Justice Varma withdraws from the impeachment investigation with no evidence and only assumptions
News Mania Desk/ Piyal Chatterjee/10th April 2026

In a letter to the parliamentary inquiry committee looking into the accusations, Justice Yashwant Varma, who resigned amid an impeachment process over the recovery of wads of currency notes from his residence, claimed that he has been the target of a “deliberate vilification campaign” even though there is no concrete evidence against him. Varma questioned the investigation’s fairness and legal foundation when he announced his resignation and withdrew from the current proceedings.
Varma, who was a Delhi High Court judge at the time of the occurrence in March 2025, reaffirmed in a thorough 13-page letter that he was out of station at the time of the recovery and that it is illogical to think he would have chosen a storage to deposit cash. The judge said that the investigation was predicated more on conjecture, accusations, and assumptions than on hard proof and that he was not afforded a fair chance to defend himself.

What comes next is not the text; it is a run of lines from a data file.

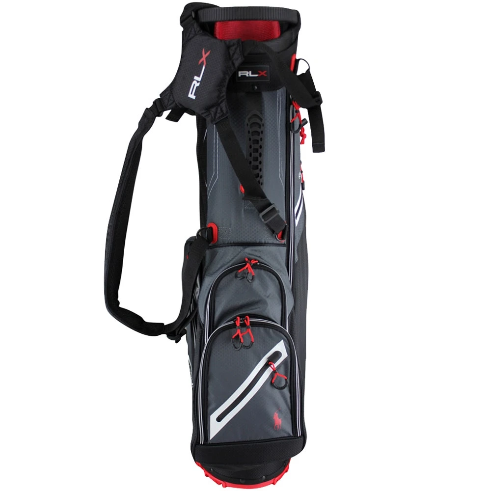 We’re excited to introduce RLX Golf bags into our offering for 2023 with this style being one of the top picks of the range. The colour combination embraces some of the iconic colours which are synonymous with Ralph Lauren, while signature RLX and Pony Player branding can be found in prominent locations throughout. A dual strap is padded for comfort while carrying, while the kickstand mechanism is both convenient and reliable. Seven multi-purpose pockets provide ample & secure storage, while this RLX golf bag also features a six way top with full length dividers. Other features include: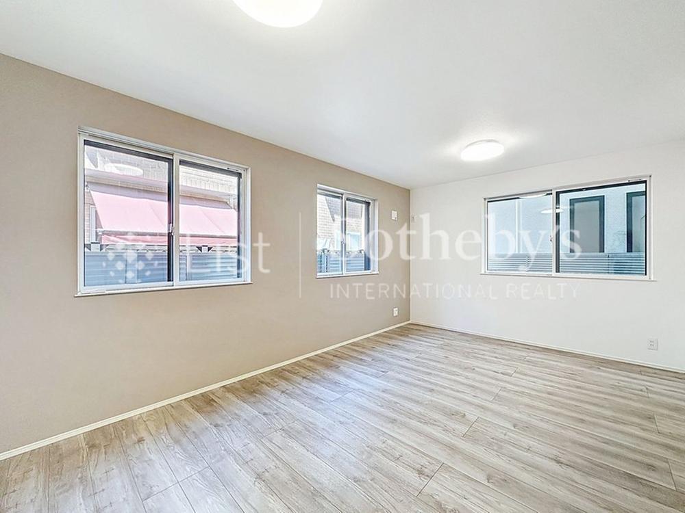 ■洋室■(1号棟)窓の多い室内は、晴れた日の日中は電気をつけなくても明るい印象です。優しい色のフローリングは壁紙ともマッチし、お部屋を更に広く見せてくれる効果も。まずは実際に現地でお確かめ下さい。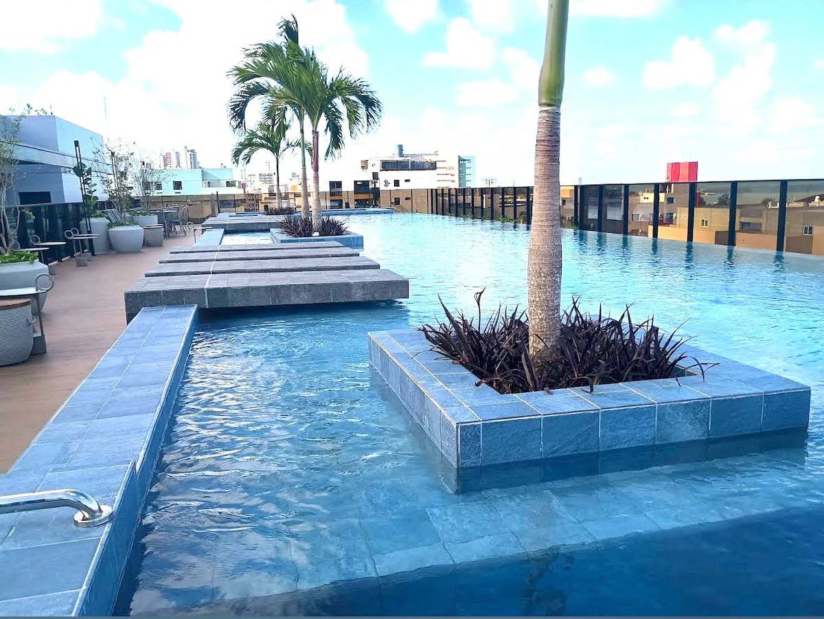 Cabo Branco海滨,带阳台/温水泳池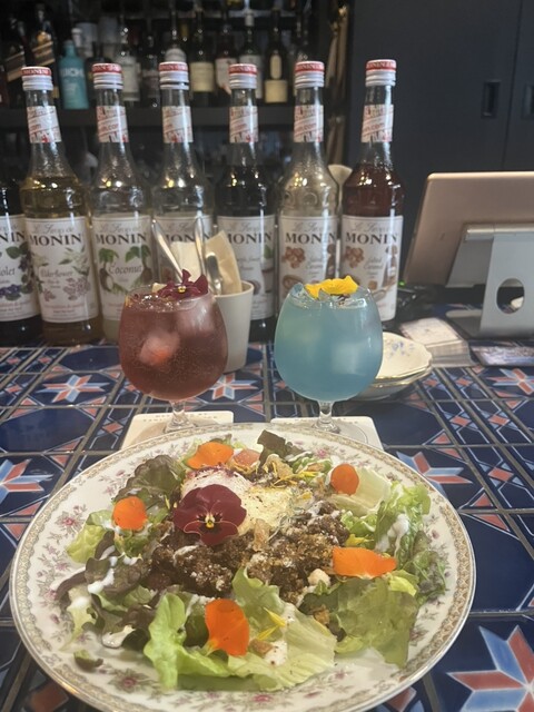 店内はドライフラワーなどが飾ってありとても雰囲気のいいカフェバーのようでした。軽めのカクテルを注文しました。料理はエディブルフラワーが飾ってあり、とても写真映すると思います。今回は売り切れでしたがカップケーキもあるそうで、次の時の楽しみかなと思います。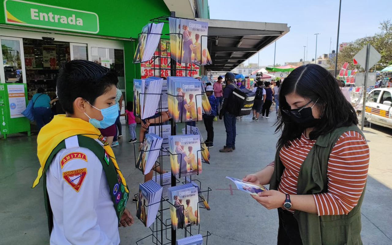 David Emmanuel (izquierda), miembro del Club de Conquistadores Amitai en Comitán, Chiapas, México, armó un puesto de libros para distribuir muestras gratuitas del libro misionero del año del evangelista adventista Mark Finley titulado “Esperanza más allá de la incertidumbre” junto a una entrada a un supermercado. Se distribuyeron más de un millón de ejemplares del libro en el estado el 17 de abril de 2021. [Fotografía: Unión Mexicana de Chiapas]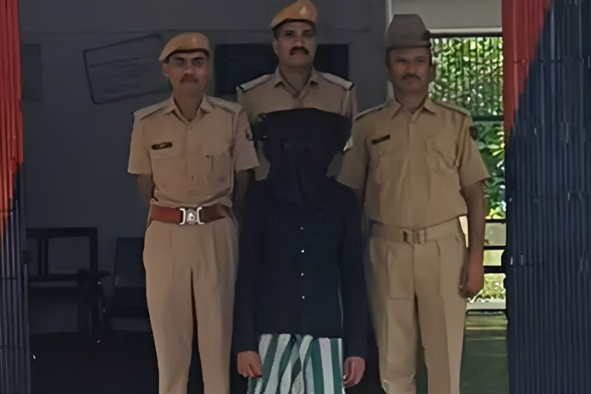 पुलिस की गिरफ्त में नकाबपोश आरोपी (फोटो: पत्रिका)

The scandal started in March 2025 when Justice Varma’s official house in New Delhi caught fire. Police and firefighters found partially and completely burned Rs 500 banknotes, valued at around Rs 15 crore, concealed in a cupboard while fighting the fire. Justice Varma maintained that the storeroom was not under his control, though subsequent investigations suggested otherwise.
“The incident occurred when I was physically absent from the premises (on a pre-planned vacation) with extremely limited mobile connectivity in a remote forest area, it defies ordinary logic and common sense to suggest that I would have chosen such a location to store ‘cash’,” Justice Varma said in his letter.
“Despite the above, I suffered the public vilification in silence, remaining hopeful that those tasked by the law and the system to investigate and ascertain the facts would address the issue appropriately and fairly. Regrettably, the proceedings that have followed have been concerned almost exclusively with establishing the bare facts that a storeroom existed in the allotted premises and that cash was found there,” he added.
Varma maintained that no legally admissible proof had been produced to establish that any cash was found in the storeroom of his residence or that it belonged to him or his family.
The 57-year-old judicial officer further alleged that the parliamentary inquiry committee, constituted under the impeachment process, relied heavily on the findings of a prior in-house committee report, which he argued should never have been made public as it was meant solely for the Chief Justice of India. He criticised the enquiry panel for failing to undertake a fresh investigation under the Judges Inquiry Act, claiming instead that the proceedings were based on “suggestions, imputations and presumptions.”
“I state that the proceedings initiated against me, whether they be before the IHC or for that matter even the present enquiry, have all proceeded on unstated suggestions, insinuations and imputations requiring me to disprove assumed facts and innumerable presumptions. This has resulted not only in a reversal of the burden of proof as we commonly understand but also in placing upon me the onerous obligation of proving multiple negatives,” the strongly-worder letter said.
Justice Varma informed the panel that he was stepping away from the inquiry, stating that continued participation would “legitimise a process” that, according to him, was fundamentally flawed. He argued that the proceedings were asking him to answer “the unanswerable”, specifically, to explain the origin of money he claims he had no knowledge of.
“In these circumstances, I would be doing myself and the institution the greatest disservice by continuing to participate in the present proceedings, thereby legitimising a process that calls upon me to answer the unanswerable – where did the money come from. I therefore withdraw from these proceedings with immediate effect and have instructed my Advocates accordingly,” he said.Deeply dissatisfied with the way the Parliament-appointed panel conducted the investigation, the former High Court judge expressed hope that “history will mark the unfairness” with which a serving judge had been treated.
Following his resignation to President Droupadi Murmu, claiming “deep anguish,” Justice Varma wrote this letter. Since a sitting judge can only be removed through a parliamentary process, his resignation essentially nullifies the impeachment proceedings that were started against him.